Most of us had jobs to do. But even so, there were some pretty long, vacant stretches of minutes and hours staring at us. We needed new habits of activity to fill those open spaces and utilize the nervous energy previously absorbed by our preoccupation, or our obsession, with drinking.

Anyone who has ever tried to break a habit knows that substituting a new and different activity is easier than just stopping the old activity and putting nothing in its place.

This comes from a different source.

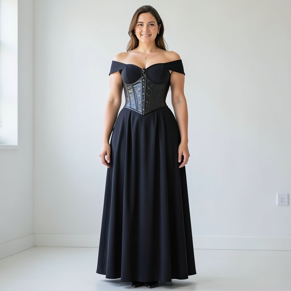 The off-shoulder design adds a touch of flirtation. Paired with a corset, it offers a flattering fit. The combination makes it a showstopper for any evening event.

Recovered alcoholics often say, “Just stopping drinking is not enough.” Just not drinking is a negative, sterile thing. That is clearly demonstrated by our experience. To stay stopped, we’ve found we need to put in place of the drinking a positive program of action. We’ve had to learn how to live sober.

Fear may have originally pushed some of us toward looking into the possibility that we might have a drinking problem. And over a short period, fear alone may help some of us stay away from a drink. But a fearful state is not a very happy or relaxed one to maintain for very long. So we try to develop a healthy respect for the power of alcohol, instead of a fear of it, just as people have a healthy respect for cyanide, iodine, or any other poison. Without going around in constant fear of those potions, most people respect what they can do to the body, and have enough sense not to imbibe them. We in A.A. now have the same knowledge of, and regard for, alcohol. But, of course, it is based on firsthand experience, not on seeing a skull and crossbones on a label.

We can’t rely on fear to get us through those empty hours without a drink, so what can we do?

We have found many kinds of activity useful and profitable, some more than others. Here are two kinds, in the order of their effectiveness as we experienced it.

A. Activity in and around A.A.

When experienced A.A. members say that they found “getting active” helpful in their recovery from alcoholism, they usually mean getting active in and around A.A.

If you want to, you can do that even before you decide whether or not you want to become an A.A. member. You don’t need anyone’s permission or invitation.

In fact, before you make any decision about a drinking problem, it might be a good idea to spend some time around A.A. Don’t worry—just sitting at, and observing, A.A. meetings does not make you an alcoholic or an A.A. member, any more than sitting in a hen house makes you a hen. You can try a sort of “dry run” or “dress rehearsal” of A.A. first, then decide about “joining.”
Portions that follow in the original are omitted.